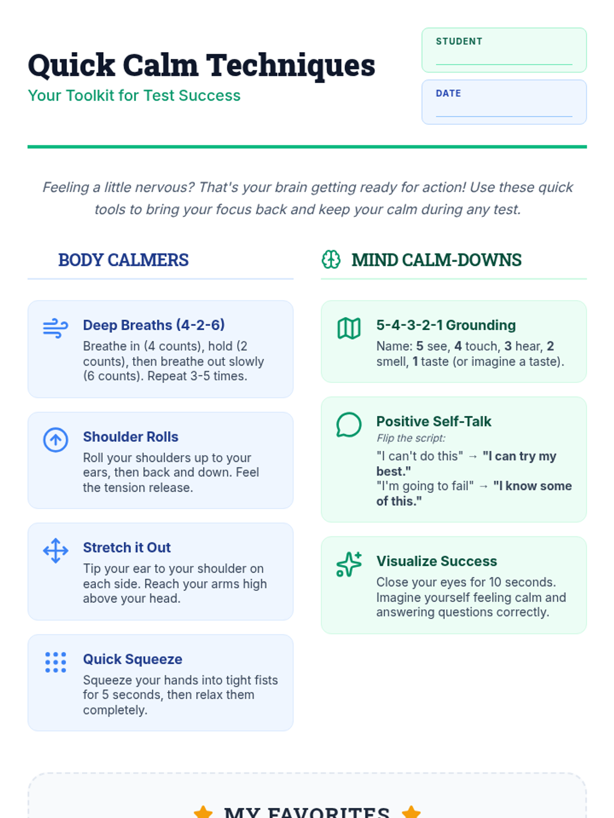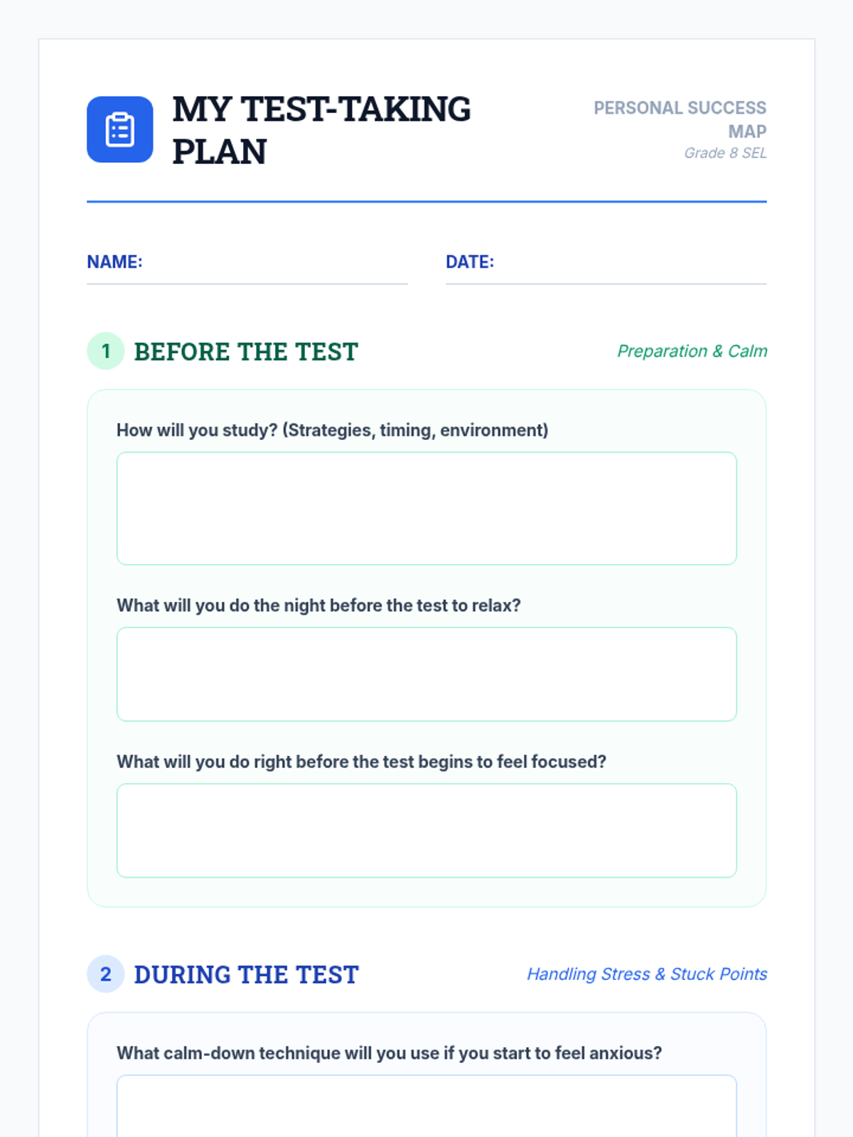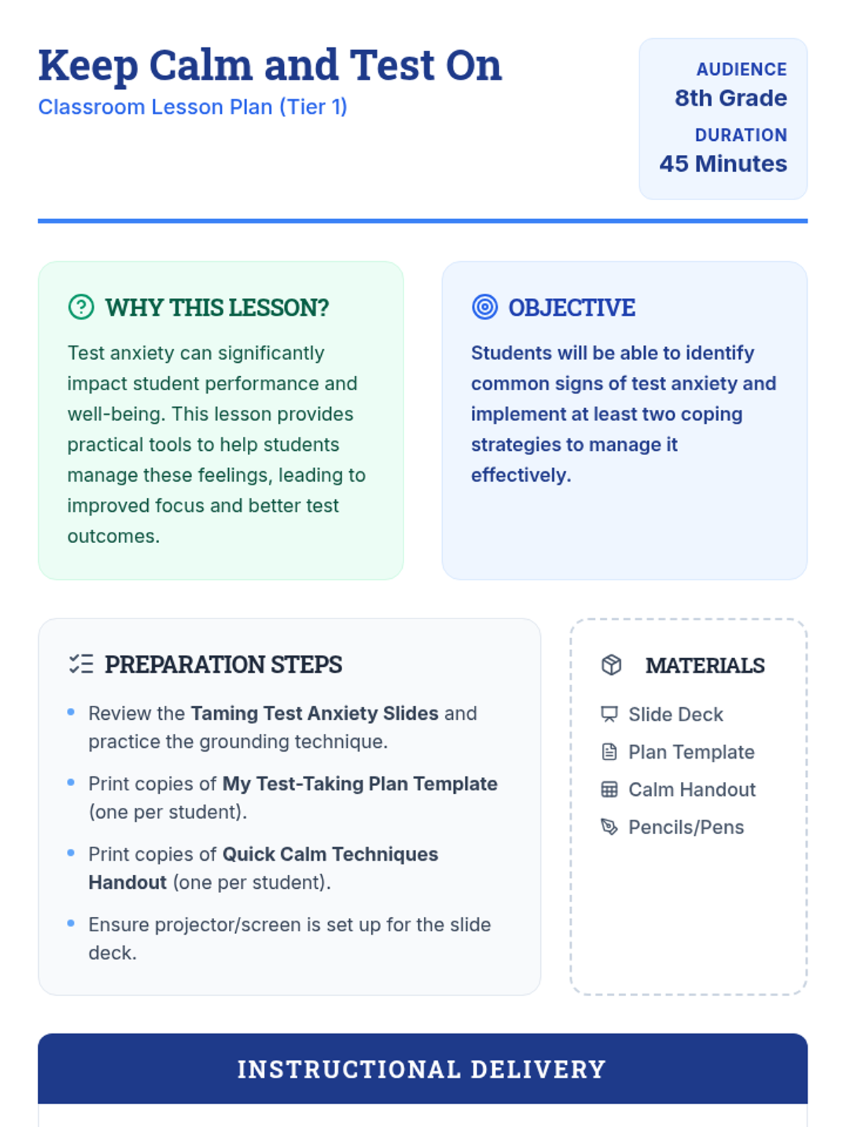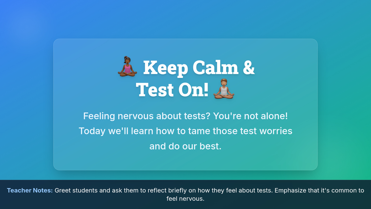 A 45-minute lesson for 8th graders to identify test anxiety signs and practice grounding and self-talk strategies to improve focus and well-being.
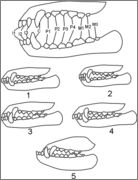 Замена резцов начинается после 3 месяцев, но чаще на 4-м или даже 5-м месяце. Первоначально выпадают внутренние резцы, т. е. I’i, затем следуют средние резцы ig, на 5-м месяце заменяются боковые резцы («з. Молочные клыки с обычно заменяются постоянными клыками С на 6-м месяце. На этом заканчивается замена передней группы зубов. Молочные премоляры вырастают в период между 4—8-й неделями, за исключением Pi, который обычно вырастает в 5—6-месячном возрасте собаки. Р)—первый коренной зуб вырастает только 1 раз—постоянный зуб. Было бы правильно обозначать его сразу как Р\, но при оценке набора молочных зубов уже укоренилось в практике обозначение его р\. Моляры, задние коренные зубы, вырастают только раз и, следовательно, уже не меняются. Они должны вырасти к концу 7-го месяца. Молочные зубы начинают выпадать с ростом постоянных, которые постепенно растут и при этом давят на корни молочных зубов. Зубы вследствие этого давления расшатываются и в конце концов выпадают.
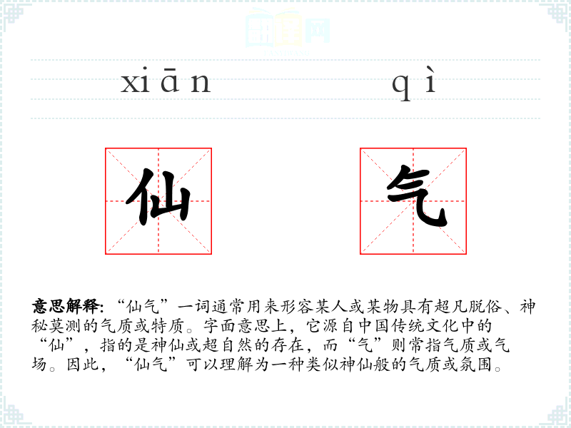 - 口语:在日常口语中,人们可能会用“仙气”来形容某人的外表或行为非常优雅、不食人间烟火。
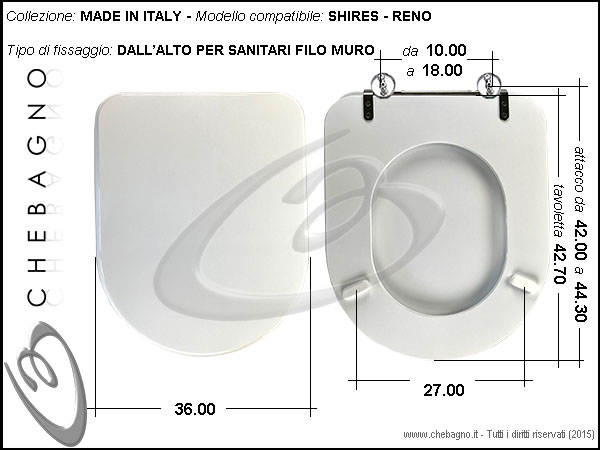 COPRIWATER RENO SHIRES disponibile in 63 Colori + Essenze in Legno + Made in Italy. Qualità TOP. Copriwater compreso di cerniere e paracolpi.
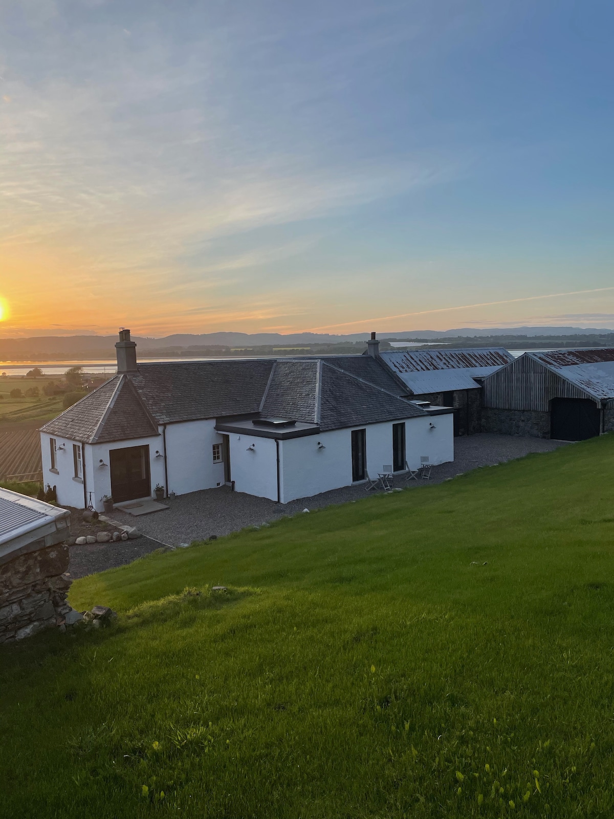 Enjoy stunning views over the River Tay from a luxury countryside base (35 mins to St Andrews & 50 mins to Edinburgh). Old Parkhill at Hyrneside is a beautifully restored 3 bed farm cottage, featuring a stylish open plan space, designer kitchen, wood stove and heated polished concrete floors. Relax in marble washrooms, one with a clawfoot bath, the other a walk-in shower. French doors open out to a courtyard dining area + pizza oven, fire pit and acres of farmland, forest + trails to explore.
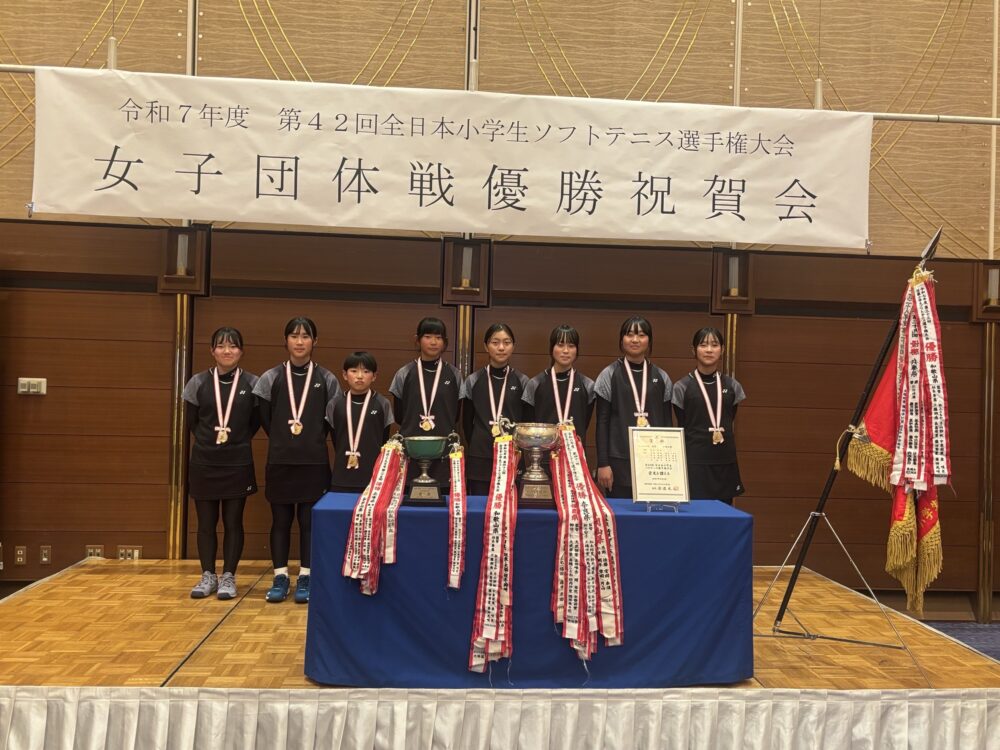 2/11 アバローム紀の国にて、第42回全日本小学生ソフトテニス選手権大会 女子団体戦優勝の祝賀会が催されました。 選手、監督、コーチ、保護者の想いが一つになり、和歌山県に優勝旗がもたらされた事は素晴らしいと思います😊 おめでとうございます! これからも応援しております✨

Prompt -
Omitting the pictures, write out the material above exactly as it stands.

Answer to the exercise -
 A 45-minute lesson for 8th graders to identify test anxiety signs and practice grounding and self-talk strategies to improve focus and well-being.
 Замена резцов начинается после 3 месяцев, но чаще на 4-м или даже 5-м месяце. Первоначально выпадают внутренние резцы, т. е. I’i, затем следуют средние резцы ig, на 5-м месяце заменяются боковые резцы («з. Молочные клыки с обычно заменяются постоянными клыками С на 6-м месяце. На этом заканчивается замена передней группы зубов. Молочные премоляры вырастают в период между 4—8-й неделями, за исключением Pi, который обычно вырастает в 5—6-месячном возрасте собаки. Р)—первый коренной зуб вырастает только 1 раз—постоянный зуб. Было бы правильно обозначать его сразу как Р\, но при оценке набора молочных зубов уже укоренилось в практике обозначение его р\. Моляры, задние коренные зубы, вырастают только раз и, следовательно, уже не меняются. Они должны вырасти к концу 7-го месяца. Молочные зубы начинают выпадать с ростом постоянных, которые постепенно растут и при этом давят на корни молочных зубов. Зубы вследствие этого давления расшатываются и в конце концов выпадают.
 - 口语:在日常口语中,人们可能会用“仙气”来形容某人的外表或行为非常优雅、不食人间烟火。
 COPRIWATER RENO SHIRES disponibile in 63 Colori + Essenze in Legno + Made in Italy. Qualità TOP. Copriwater compreso di cerniere e paracolpi.
 Enjoy stunning views over the River Tay from a luxury countryside base (35 mins to St Andrews & 50 mins to Edinburgh). Old Parkhill at Hyrneside is a beautifully restored 3 bed farm cottage, featuring a stylish open plan space, designer kitchen, wood stove and heated polished concrete floors. Relax in marble washrooms, one with a clawfoot bath, the other a walk-in shower. French doors open out to a courtyard dining area + pizza oven, fire pit and acres of farmland, forest + trails to explore.
 2/11 アバローム紀の国にて、第42回全日本小学生ソフトテニス選手権大会 女子団体戦優勝の祝賀会が催されました。 選手、監督、コーチ、保護者の想いが一つになり、和歌山県に優勝旗がもたらされた事は素晴らしいと思います😊 おめでとうございます! これからも応援しております✨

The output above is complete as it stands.